That’s one of the benefits of the songbook that I don’t often think about, but the subject came up while I was visiting a local music store the other day. The store owner said the book would be helpful to kids learning the guitar or piano.

Well, that’s occurred to me before. Because the songbook is laid out in single-note melodies that would be easy to follow for someone learning to pick out songs on a guitar or piano. The chord changes are right there in the appropriate spots over the melody lines. And most of the songs are in the ‘easy’ keys — C and G — that don’t have a lot of sharps and flats in them. (Actually, between the two of them, there’s only one sharp — F-sharp in the key of G.)
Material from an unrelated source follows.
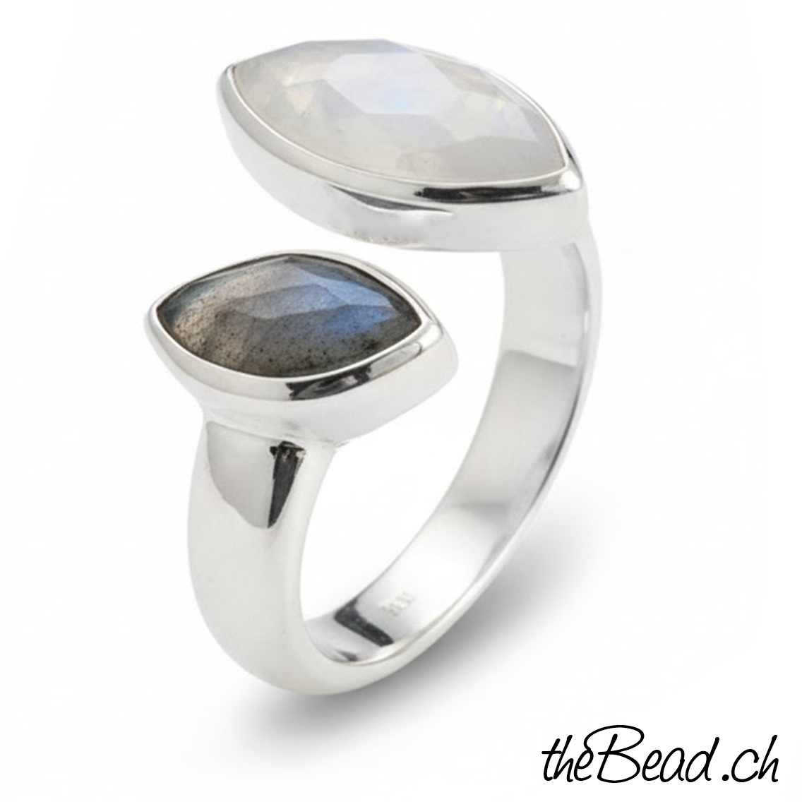 Dieser Fingerring besteht aus einem Regenbogen Mondstein und einem kleineren Labradorit, beide schön geschliffen und ein echter Hinkucker !

Furthermore, the book’s introduction shows where to find both guitar and piano chords — every chord that’s possible to play on either instrument.

For a lot of young people, the songbook with its more than 300 oldtime favorite songs would be a revelation to a different era — actually, several different eras — of music. Some of those young students might learn to like some of those songs.

And frankly, when I think back to my days as a young piano student, I realize that most of the music in Sing along with ease is a lot younger than the Bach, Beethoven, Schubert and Chopin that I had to learn and that presumably young students have to learn today.

One final thought on this subject: Learning to play guitar or piano isn’t just for kids. I’m still learning both, and I’m about to turn 70. And that’s where Sing along with ease can be really valuable. A lot of adults have heard a lot of those old songs, and I’ll bet a lot of them would like to play them as well.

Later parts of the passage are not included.